Data records:
-.-.-
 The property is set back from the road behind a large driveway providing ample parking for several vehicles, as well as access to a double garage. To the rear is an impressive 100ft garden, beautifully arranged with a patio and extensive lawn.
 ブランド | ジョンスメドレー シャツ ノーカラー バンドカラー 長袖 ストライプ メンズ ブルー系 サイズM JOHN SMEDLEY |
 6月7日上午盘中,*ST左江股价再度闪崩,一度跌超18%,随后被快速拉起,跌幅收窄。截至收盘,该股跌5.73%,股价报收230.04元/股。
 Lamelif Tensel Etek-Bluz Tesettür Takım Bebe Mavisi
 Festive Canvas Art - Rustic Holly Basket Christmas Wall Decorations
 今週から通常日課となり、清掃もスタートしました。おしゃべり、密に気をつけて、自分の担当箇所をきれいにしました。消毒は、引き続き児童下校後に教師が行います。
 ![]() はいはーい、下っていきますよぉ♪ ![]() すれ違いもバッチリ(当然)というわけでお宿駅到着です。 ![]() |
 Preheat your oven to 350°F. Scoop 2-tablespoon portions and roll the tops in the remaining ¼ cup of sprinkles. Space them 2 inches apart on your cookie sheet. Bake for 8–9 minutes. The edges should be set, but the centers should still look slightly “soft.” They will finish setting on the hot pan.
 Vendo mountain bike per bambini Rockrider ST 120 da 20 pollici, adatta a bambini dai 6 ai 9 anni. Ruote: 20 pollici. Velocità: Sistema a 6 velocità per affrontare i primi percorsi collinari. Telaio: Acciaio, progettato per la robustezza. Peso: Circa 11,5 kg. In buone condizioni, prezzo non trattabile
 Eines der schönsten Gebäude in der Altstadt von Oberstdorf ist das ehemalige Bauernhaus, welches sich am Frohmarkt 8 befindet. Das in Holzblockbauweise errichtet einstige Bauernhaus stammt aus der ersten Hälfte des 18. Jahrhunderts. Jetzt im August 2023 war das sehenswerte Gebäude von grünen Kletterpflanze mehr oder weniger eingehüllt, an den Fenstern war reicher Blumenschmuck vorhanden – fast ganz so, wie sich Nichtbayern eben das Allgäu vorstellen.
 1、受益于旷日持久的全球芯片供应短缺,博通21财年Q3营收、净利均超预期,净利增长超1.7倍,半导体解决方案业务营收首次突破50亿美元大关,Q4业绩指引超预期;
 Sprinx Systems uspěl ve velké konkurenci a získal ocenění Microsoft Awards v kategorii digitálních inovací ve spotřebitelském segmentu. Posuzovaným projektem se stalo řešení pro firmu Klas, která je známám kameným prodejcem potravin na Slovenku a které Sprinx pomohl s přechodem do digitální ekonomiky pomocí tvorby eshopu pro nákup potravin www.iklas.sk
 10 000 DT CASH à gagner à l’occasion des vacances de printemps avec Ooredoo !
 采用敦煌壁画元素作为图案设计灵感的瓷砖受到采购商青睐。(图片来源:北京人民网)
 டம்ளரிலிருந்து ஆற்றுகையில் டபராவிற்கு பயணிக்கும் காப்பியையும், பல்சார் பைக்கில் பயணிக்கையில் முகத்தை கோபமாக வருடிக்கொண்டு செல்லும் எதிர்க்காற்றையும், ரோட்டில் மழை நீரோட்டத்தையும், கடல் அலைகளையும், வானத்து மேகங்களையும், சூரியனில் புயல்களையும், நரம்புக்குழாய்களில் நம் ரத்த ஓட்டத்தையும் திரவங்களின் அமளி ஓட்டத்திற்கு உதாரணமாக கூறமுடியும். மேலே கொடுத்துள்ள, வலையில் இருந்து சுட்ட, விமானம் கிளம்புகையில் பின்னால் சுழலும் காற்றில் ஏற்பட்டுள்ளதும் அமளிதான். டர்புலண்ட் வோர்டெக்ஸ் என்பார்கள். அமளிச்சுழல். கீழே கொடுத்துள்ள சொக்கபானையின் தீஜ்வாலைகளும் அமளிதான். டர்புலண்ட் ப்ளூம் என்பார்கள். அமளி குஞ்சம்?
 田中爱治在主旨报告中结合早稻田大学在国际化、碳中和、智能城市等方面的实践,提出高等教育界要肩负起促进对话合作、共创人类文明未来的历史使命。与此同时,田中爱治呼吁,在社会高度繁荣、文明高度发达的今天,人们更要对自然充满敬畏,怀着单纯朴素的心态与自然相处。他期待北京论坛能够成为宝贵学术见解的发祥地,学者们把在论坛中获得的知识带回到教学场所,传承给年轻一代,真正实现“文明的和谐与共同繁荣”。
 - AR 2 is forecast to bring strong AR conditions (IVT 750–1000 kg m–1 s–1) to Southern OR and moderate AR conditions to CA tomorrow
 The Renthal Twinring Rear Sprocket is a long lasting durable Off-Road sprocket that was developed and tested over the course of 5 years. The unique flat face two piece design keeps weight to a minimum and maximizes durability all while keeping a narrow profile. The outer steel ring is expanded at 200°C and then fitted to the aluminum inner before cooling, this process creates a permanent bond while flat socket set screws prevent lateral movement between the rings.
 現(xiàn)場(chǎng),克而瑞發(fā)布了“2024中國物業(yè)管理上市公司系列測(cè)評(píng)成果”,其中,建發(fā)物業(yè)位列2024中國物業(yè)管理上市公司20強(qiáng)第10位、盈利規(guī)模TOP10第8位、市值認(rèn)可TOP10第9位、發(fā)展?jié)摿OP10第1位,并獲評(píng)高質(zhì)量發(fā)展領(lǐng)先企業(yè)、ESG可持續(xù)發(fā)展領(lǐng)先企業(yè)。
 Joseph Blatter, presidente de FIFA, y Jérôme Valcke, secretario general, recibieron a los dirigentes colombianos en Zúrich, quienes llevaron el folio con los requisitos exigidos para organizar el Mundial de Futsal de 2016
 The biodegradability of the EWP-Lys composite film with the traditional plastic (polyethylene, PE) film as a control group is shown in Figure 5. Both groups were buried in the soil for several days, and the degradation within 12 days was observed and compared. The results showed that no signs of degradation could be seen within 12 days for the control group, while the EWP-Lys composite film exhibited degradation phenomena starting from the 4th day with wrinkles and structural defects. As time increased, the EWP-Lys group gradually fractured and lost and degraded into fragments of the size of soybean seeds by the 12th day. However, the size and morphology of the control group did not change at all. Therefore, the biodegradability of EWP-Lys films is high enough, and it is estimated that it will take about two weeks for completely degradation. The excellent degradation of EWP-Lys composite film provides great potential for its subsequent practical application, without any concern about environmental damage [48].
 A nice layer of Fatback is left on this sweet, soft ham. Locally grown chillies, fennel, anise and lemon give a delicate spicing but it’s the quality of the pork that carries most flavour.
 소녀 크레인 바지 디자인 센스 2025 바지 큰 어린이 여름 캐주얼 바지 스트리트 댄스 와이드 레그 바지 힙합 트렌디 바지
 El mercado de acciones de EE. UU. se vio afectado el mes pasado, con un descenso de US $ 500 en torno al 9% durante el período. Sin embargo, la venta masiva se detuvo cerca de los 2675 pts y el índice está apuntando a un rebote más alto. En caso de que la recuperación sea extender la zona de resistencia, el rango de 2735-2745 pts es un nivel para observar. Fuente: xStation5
-.-.-
ASSIGNMENT: In the entries above, find the line holding "采用敦煌壁画元素作为图案设计灵感的瓷砖受到采购商青睐。(图片来源:北京人民网)" and the line holding "Joseph Blatter, presidente"; print both of them and every line between, exactly, and nothing else.

TASK SOLUTION:
 采用敦煌壁画元素作为图案设计灵感的瓷砖受到采购商青睐。(图片来源:北京人民网)
 டம்ளரிலிருந்து ஆற்றுகையில் டபராவிற்கு பயணிக்கும் காப்பியையும், பல்சார் பைக்கில் பயணிக்கையில் முகத்தை கோபமாக வருடிக்கொண்டு செல்லும் எதிர்க்காற்றையும், ரோட்டில் மழை நீரோட்டத்தையும், கடல் அலைகளையும், வானத்து மேகங்களையும், சூரியனில் புயல்களையும், நரம்புக்குழாய்களில் நம் ரத்த ஓட்டத்தையும் திரவங்களின் அமளி ஓட்டத்திற்கு உதாரணமாக கூறமுடியும். மேலே கொடுத்துள்ள, வலையில் இருந்து சுட்ட, விமானம் கிளம்புகையில் பின்னால் சுழலும் காற்றில் ஏற்பட்டுள்ளதும் அமளிதான். டர்புலண்ட் வோர்டெக்ஸ் என்பார்கள். அமளிச்சுழல். கீழே கொடுத்துள்ள சொக்கபானையின் தீஜ்வாலைகளும் அமளிதான். டர்புலண்ட் ப்ளூம் என்பார்கள். அமளி குஞ்சம்?
 田中爱治在主旨报告中结合早稻田大学在国际化、碳中和、智能城市等方面的实践,提出高等教育界要肩负起促进对话合作、共创人类文明未来的历史使命。与此同时,田中爱治呼吁,在社会高度繁荣、文明高度发达的今天,人们更要对自然充满敬畏,怀着单纯朴素的心态与自然相处。他期待北京论坛能够成为宝贵学术见解的发祥地,学者们把在论坛中获得的知识带回到教学场所,传承给年轻一代,真正实现“文明的和谐与共同繁荣”。
 - AR 2 is forecast to bring strong AR conditions (IVT 750–1000 kg m–1 s–1) to Southern OR and moderate AR conditions to CA tomorrow
 The Renthal Twinring Rear Sprocket is a long lasting durable Off-Road sprocket that was developed and tested over the course of 5 years. The unique flat face two piece design keeps weight to a minimum and maximizes durability all while keeping a narrow profile. The outer steel ring is expanded at 200°C and then fitted to the aluminum inner before cooling, this process creates a permanent bond while flat socket set screws prevent lateral movement between the rings.
 現(xiàn)場(chǎng),克而瑞發(fā)布了“2024中國物業(yè)管理上市公司系列測(cè)評(píng)成果”,其中,建發(fā)物業(yè)位列2024中國物業(yè)管理上市公司20強(qiáng)第10位、盈利規(guī)模TOP10第8位、市值認(rèn)可TOP10第9位、發(fā)展?jié)摿OP10第1位,并獲評(píng)高質(zhì)量發(fā)展領(lǐng)先企業(yè)、ESG可持續(xù)發(fā)展領(lǐng)先企業(yè)。
 Joseph Blatter, presidente de FIFA, y Jérôme Valcke, secretario general, recibieron a los dirigentes colombianos en Zúrich, quienes llevaron el folio con los requisitos exigidos para organizar el Mundial de Futsal de 2016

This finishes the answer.